[[ DATASET CONTENT open ]]

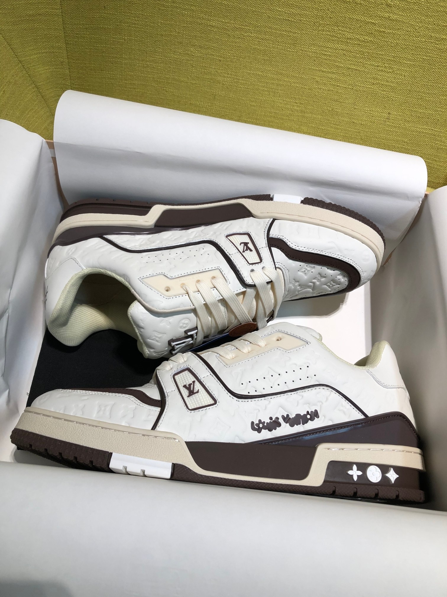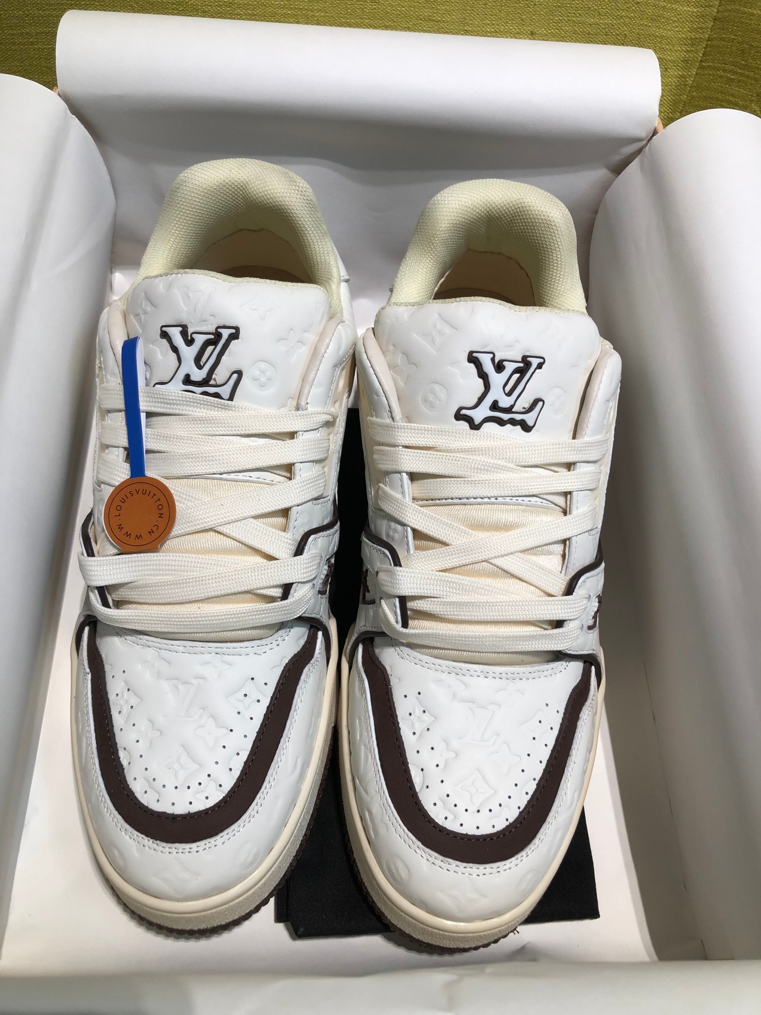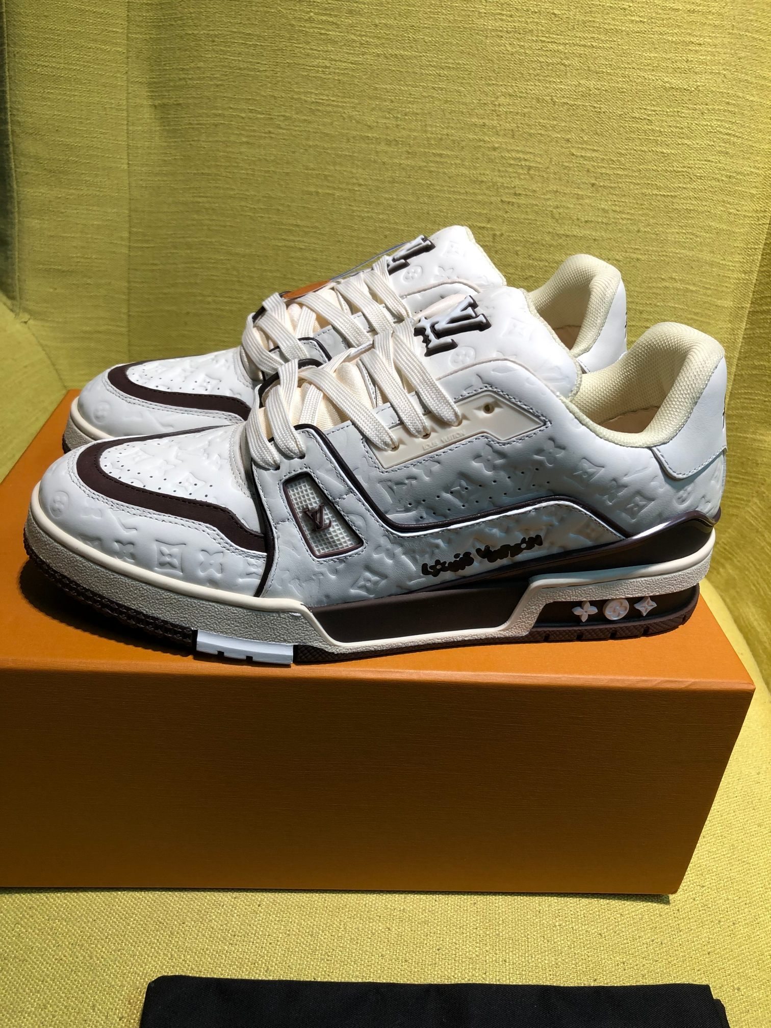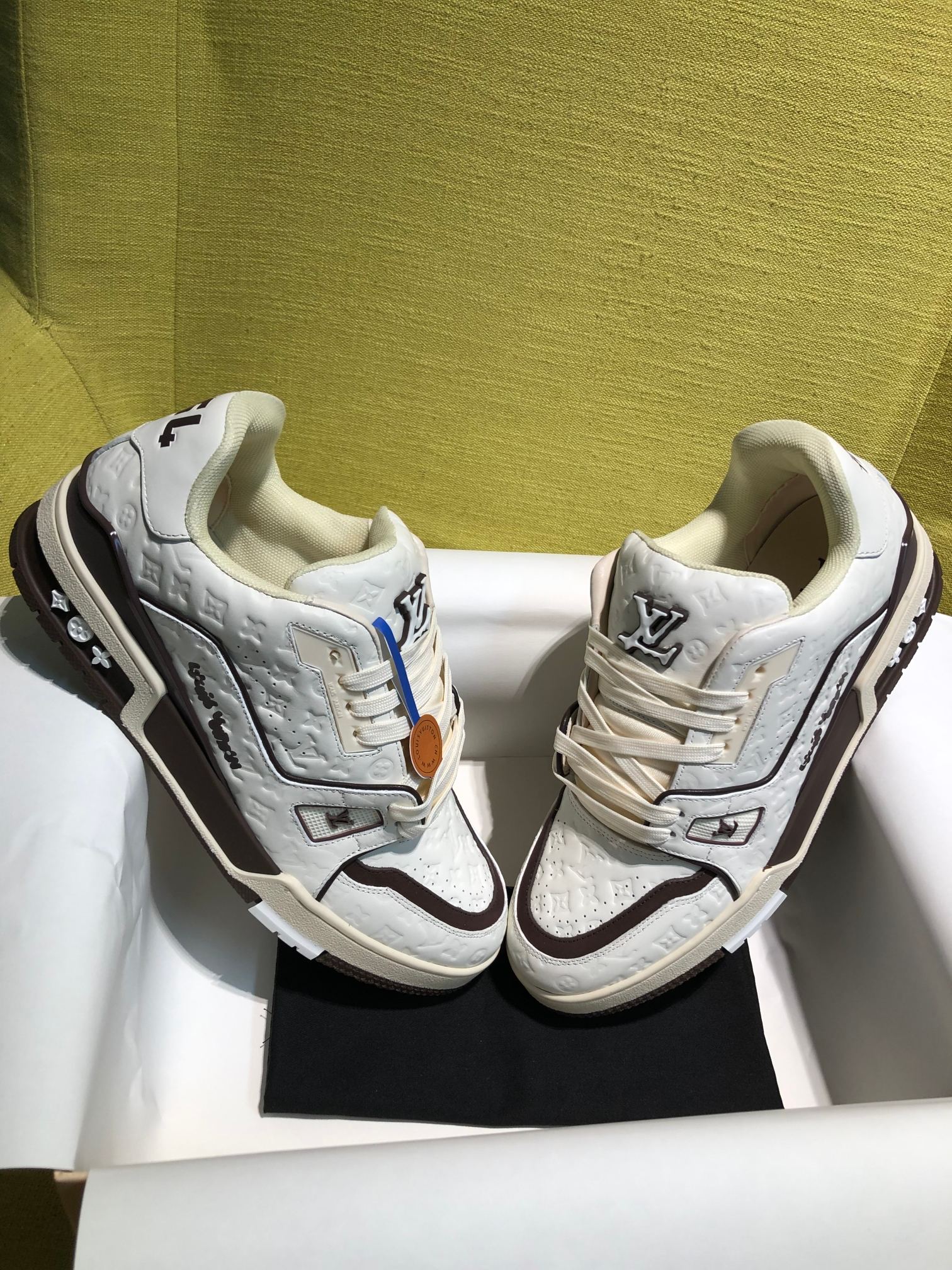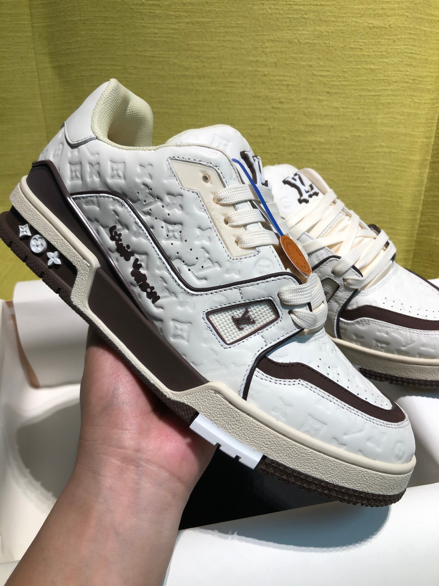 这款鞋子是AAAAA 1:1 质量 (非常棒). 使用了和原版一模一样的材料. 商标部分也保持了和路易威登/Louis Vuitton一样. 图片拍摄是实物鞋子拍摄, 您所收到的实物保证和我们图片一模一样.
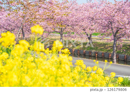 沿河成排的櫻花樹:河津櫻花和油菜花盛開
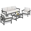 SERWALL HDPE Patio Conversation Set, 6-Piece Sectional Outdoor Furniture Set, All Weather Outdoor Couch Set Patio Furniture Set for Deck, Lawn, Grey Frame with Khaki Cushion
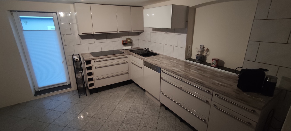 歡迎來到我們的家! 在我們的房子後面,有一間全新的現代化公寓,非常適合您放鬆身心。配備一個夏季廚房,讓您享受烹飪的樂趣;一個時尚的淋浴間和一個開放式臥室,配有一張舒適的雙人床(1.60 x 2.00 公尺),讓您享受最佳的設施。在綠色的私人木製露臺上,您可以放鬆地享用早晨的咖啡和舒適的葡萄酒之夜。最棒的是什麼?整套公寓都歸您們使用——沒有壓力,只有安寧!
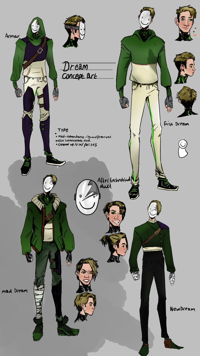 Concept art ideas for Dream. was thinking of maybe doing a comic, but I have to make reference sheets for myself..... Lots of work 😂 #dreamsmp #dreamsmpfanart #dreamfanart #conceptart #dream
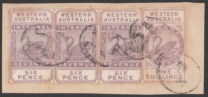 Revenue 5/- dull purple, Postal Fiscal, plus 6d dull purple (3) wmk CA crown, tied together on piece by oval 'R' pmks. Postally GU, some flts but still attractive. SG F14 cat £75+++ for 6d as loose stamps while 5/- is unlisted. Rare franking.
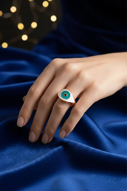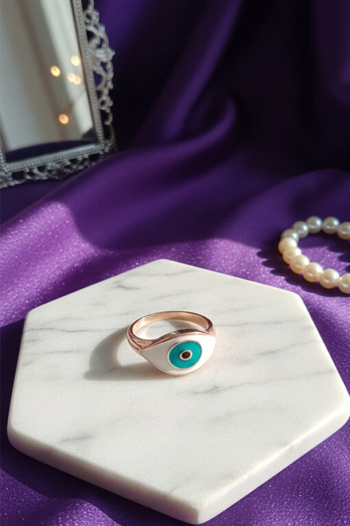 Premium Evil Eye Protection Ring – Rose Gold Plated with Turquoise Enamel
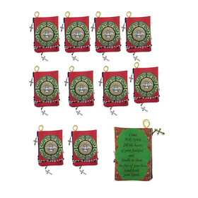 This beautiful pouch is an interpretation of Gian Lorenzo Bernini's famed "Dove of the Holy Spirit" amber stained alabaster window of The Cathedra Petri (Throne of St Peter)in St Peter's Basilica (Vatican, Rome). See the light (gold) rays from the Dove shift from light to darker representing God the Holy Spirit as the source of light. The image of the Dove is set on a red (traditional color of the Holy Spirit) pouch surrounded by a green (traditional color in the East for Holy Spirit protector of the environment) nimbus.
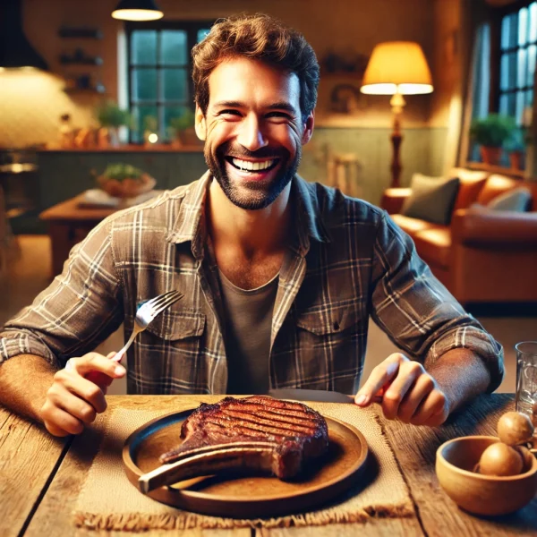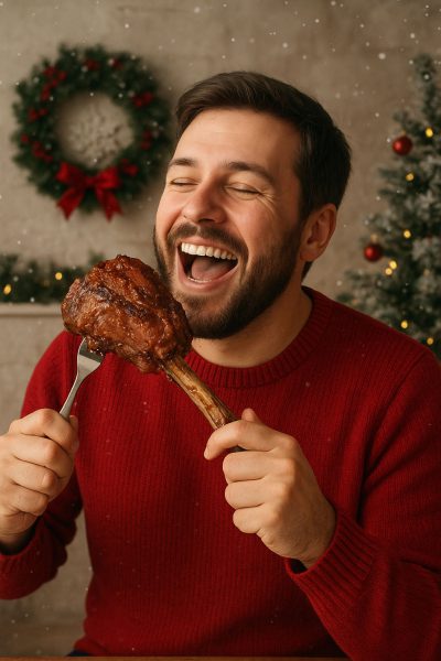 I had AI create an image of a man eating meat to use on a post-Christmas party invitation. I also did this last year. For your enjoyment, here are the two images.
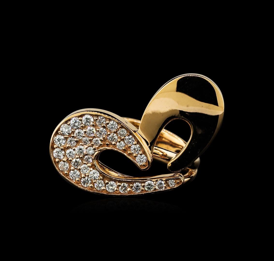 One electronically tested 14KT rose gold lady's combination cast & assembled abstract heart shape ring with a bright polish finish. The featured lady's ring has a shank measuring 5.55 millimeters wide. Identified with markings of 'K14'. Condition is new, good workmanship. Containing: Twenty-Six prong set round brilliant cut diamonds, measuring 1.70 - 1.60 x 1.02mm (depth est.) approximate total weight of 26 Stones = 0.44ct. Graded in the setting. Clarity SI-1 to SI-2. Color: H - I Cut Good Five prong set round brilliant cut diamonds, measuring 1.90 - 1.80 x 1.15mm (depth est.) approximate total weight of 5 Stones = 0.12ct. Graded in the setting. Clarity SI-1 to SI-2. Color: H - I Cut Good Five prong set round brilliant cut diamonds, measuring 1.40 - 1.35 x 0.86mm (depth est.) approximate total weight of 5 Stones = 0.05ct. Graded in the setting. Clarity SI-1 to SI-2. Color: H - I Cut Good. Total Weight of Diamonds 0.61ct.. Total Weight of Ring 7.70gm GAS Appraised at $2,870.00.
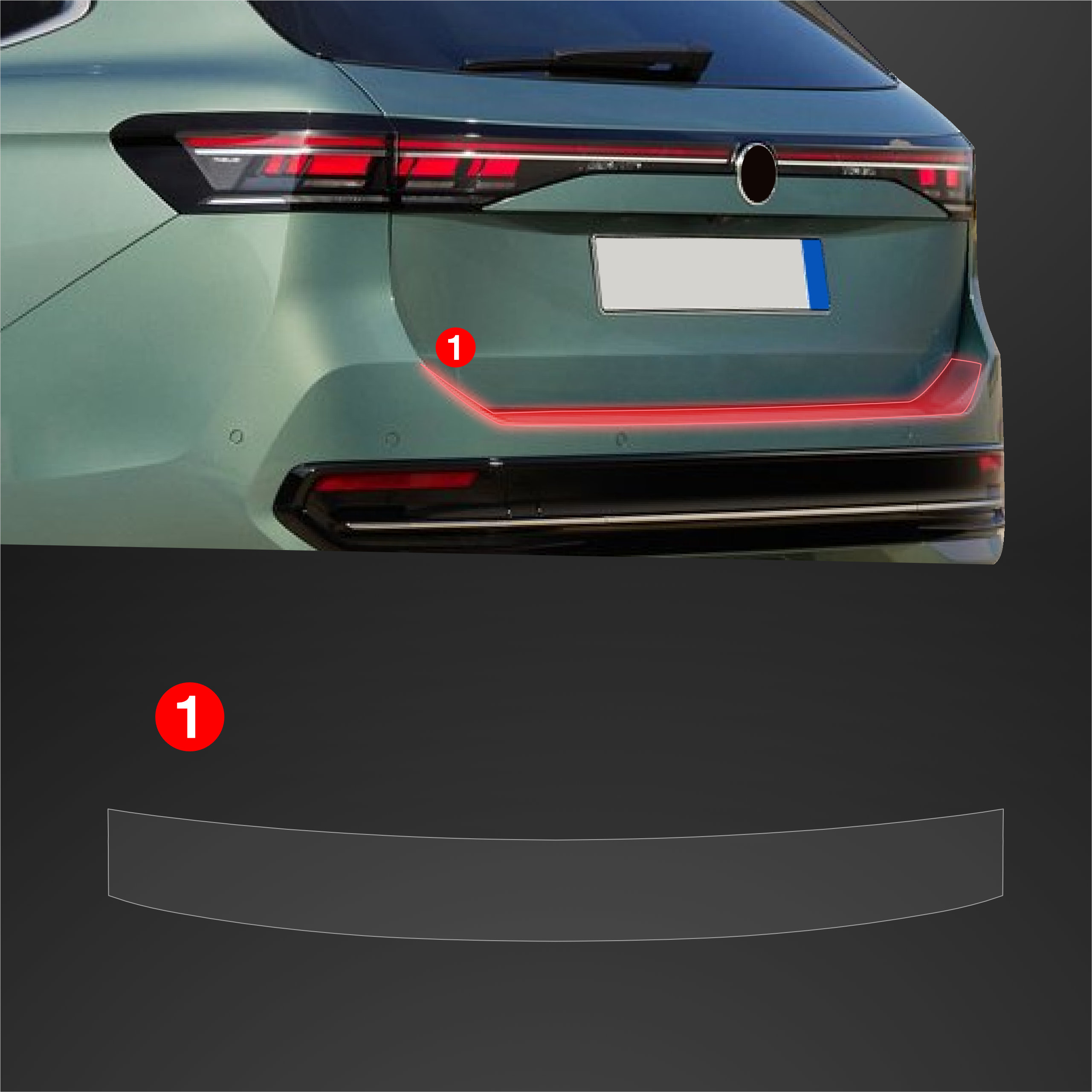 Lišta na nárazník - Kryt hrany kufru, VW Passat B9, 2024- ,Variant, Combi
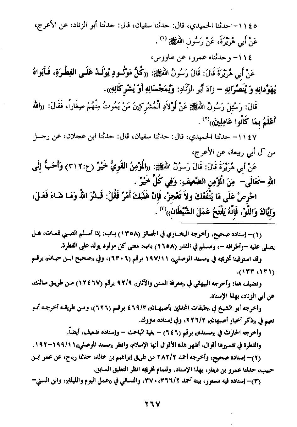 1145 - حَدَّثَنَا الْحُمَيْدِيُّ قَالَ: ثنا سُفْيَانُ، قَالَ: ثنا أَبُو الزِّنَادِ، عَنِ الْأَعْرَجِ، عَنْ أَبِي هُرَيْرَةَ، عَنْ رَسُولِ اللَّهِ صَلَّى اللهُ عَلَيْهِ وَسَلَّمَ،
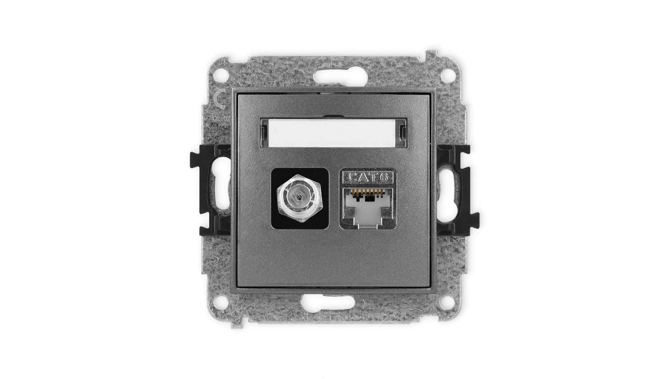 ICON Mechanizm gniazda antenowego poj. typu F (SAT) + gniazda komp. poj. 1xRJ45, kat. 6 ekranowane, 8-stykowy grafitowy 11IGFK-5

[[ DATASET CONTENT closed ]]

Pictures are to be left out; otherwise, copy exactly each line from the one containing "Lišta na nárazník" through the last line of the listing.

 Lišta na nárazník - Kryt hrany kufru, VW Passat B9, 2024- ,Variant, Combi
 1145 - حَدَّثَنَا الْحُمَيْدِيُّ قَالَ: ثنا سُفْيَانُ، قَالَ: ثنا أَبُو الزِّنَادِ، عَنِ الْأَعْرَجِ، عَنْ أَبِي هُرَيْرَةَ، عَنْ رَسُولِ اللَّهِ صَلَّى اللهُ عَلَيْهِ وَسَلَّمَ،
 ICON Mechanizm gniazda antenowego poj. typu F (SAT) + gniazda komp. poj. 1xRJ45, kat. 6 ekranowane, 8-stykowy grafitowy 11IGFK-5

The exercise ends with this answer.